### DIRECTIONS FOR THIS TASK:
Beginning with the line that holds "Az EU-L-4 WiFi kevert", output every remaining line of the material below exactly, and include none of the pictures.

### SUPPLIED MATERIAL:
#####

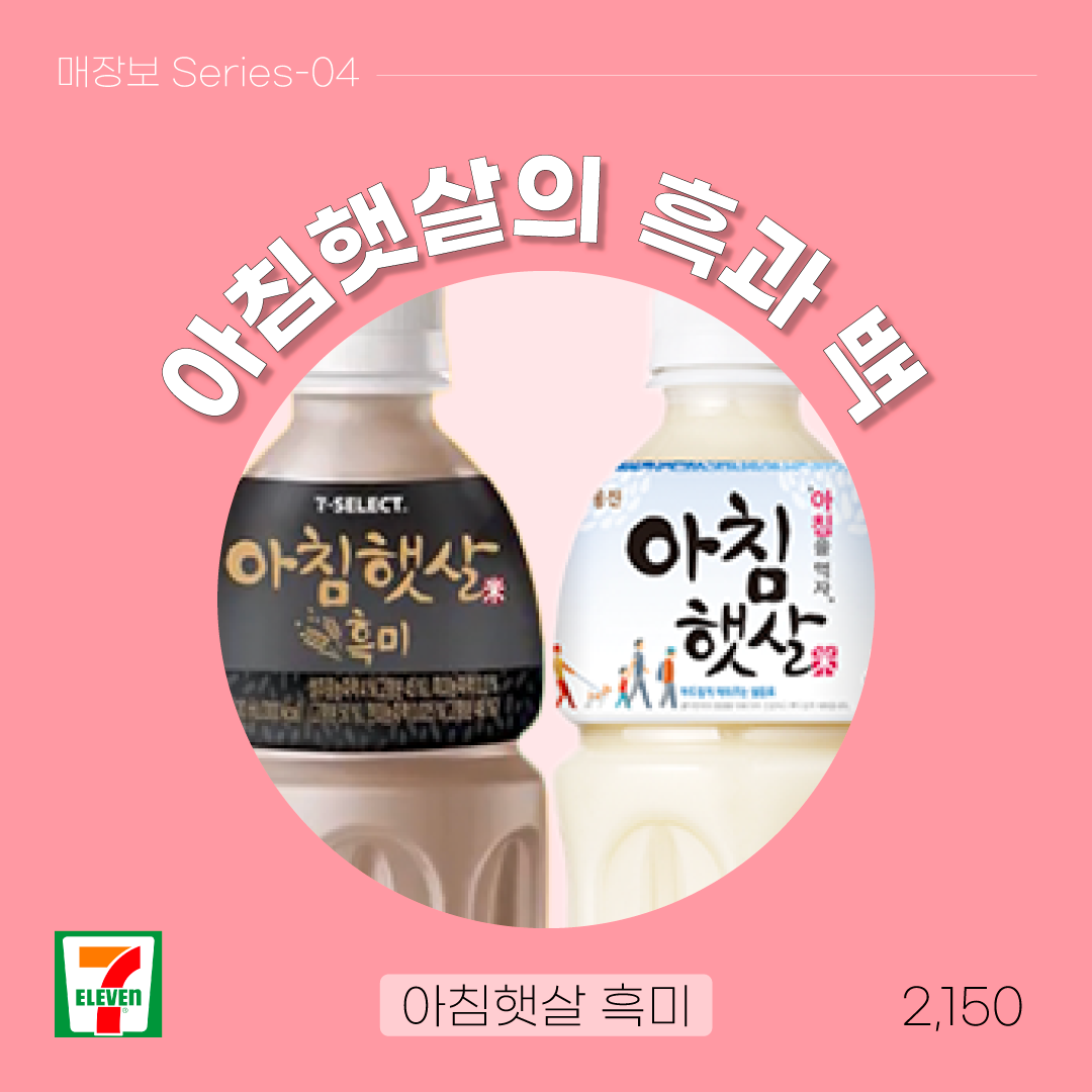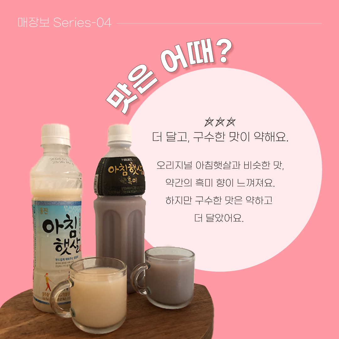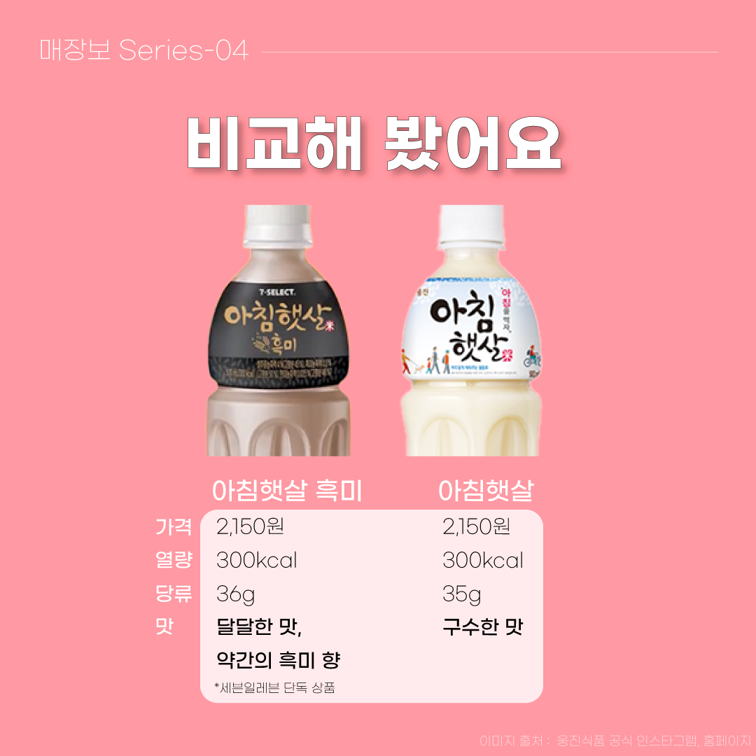 겉모습은 흑과 백으로 차이가 명확하지만, 맛도 비슷하고, 칼로리와 가격은 동일합니다. (용량 500mL, 판매처 세븐일레븐 기준) 아침햇살 흑미는 맛은 괜찮았던 제품이지만, 흑미만의 고소함은 느낄 수 없어 조금 아쉬운 제품이었습니다. 하지만, 좋아하는 제품의 새로운 버전을 경험하는 것만으로도 충분히 즐거운 시간이었습니다. 아침햇살 좋아하시는 분들은 한 번 드셔보세요!
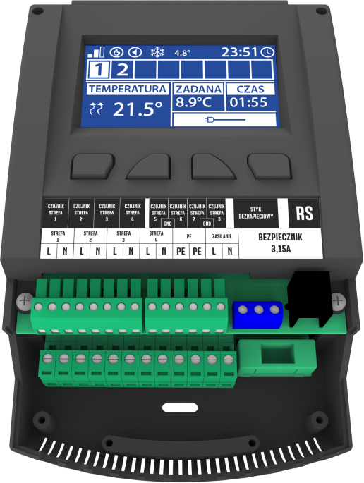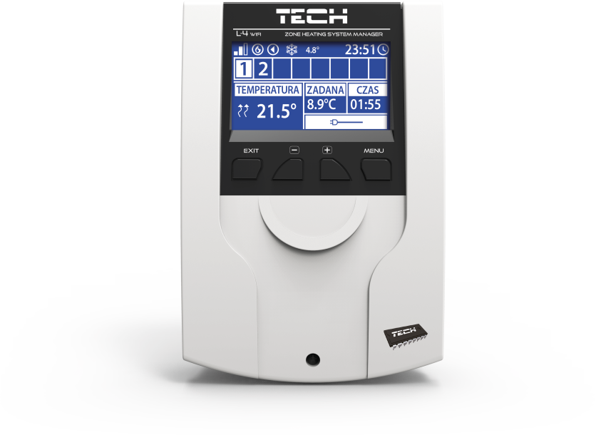 Az EU-L-4 WiFi kevert fűtési rendszerek vezérlője, amelyet a kazán és szelepmozgatók kezelésére terveztek, és szabályozzák a víz áramlását akár 8 KF zónában (max. 4 padlófűtési zóna, 4 vezeték nélkül vezérelt zóna).
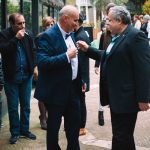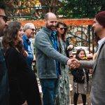 החתן ממשיך להסתובב בין האורחים, הפעם תפסתי אותו בשיחה יראת כבוד עם כמה מהם. ידו האחת בכיסו וידו האחרת לוחצת את ידו של האורח היקר. שני נשים שחזרו מהבופה וצלחת בידם משוחחים עמהם
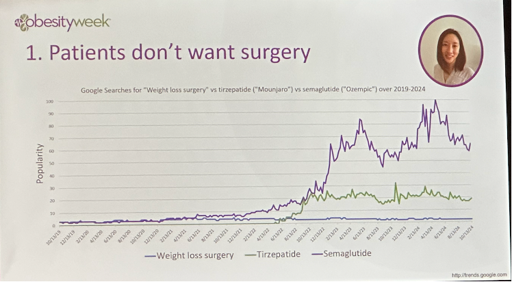 Patient preferences. Dr. Tchang pointed out that patients do not want surgery, backing her argument with the graph below of Google search trends for the words “weight loss surgery,” “Mounjaro,” and “Ozempic.” We imagine this may be related to patient perceptions around the invasiveness or safety of surgical procedures.

#####

### OUTPUT FOR THIS EXERCISE:
 Az EU-L-4 WiFi kevert fűtési rendszerek vezérlője, amelyet a kazán és szelepmozgatók kezelésére terveztek, és szabályozzák a víz áramlását akár 8 KF zónában (max. 4 padlófűtési zóna, 4 vezeték nélkül vezérelt zóna).
 החתן ממשיך להסתובב בין האורחים, הפעם תפסתי אותו בשיחה יראת כבוד עם כמה מהם. ידו האחת בכיסו וידו האחרת לוחצת את ידו של האורח היקר. שני נשים שחזרו מהבופה וצלחת בידם משוחחים עמהם
 Patient preferences. Dr. Tchang pointed out that patients do not want surgery, backing her argument with the graph below of Google search trends for the words “weight loss surgery,” “Mounjaro,” and “Ozempic.” We imagine this may be related to patient perceptions around the invasiveness or safety of surgical procedures.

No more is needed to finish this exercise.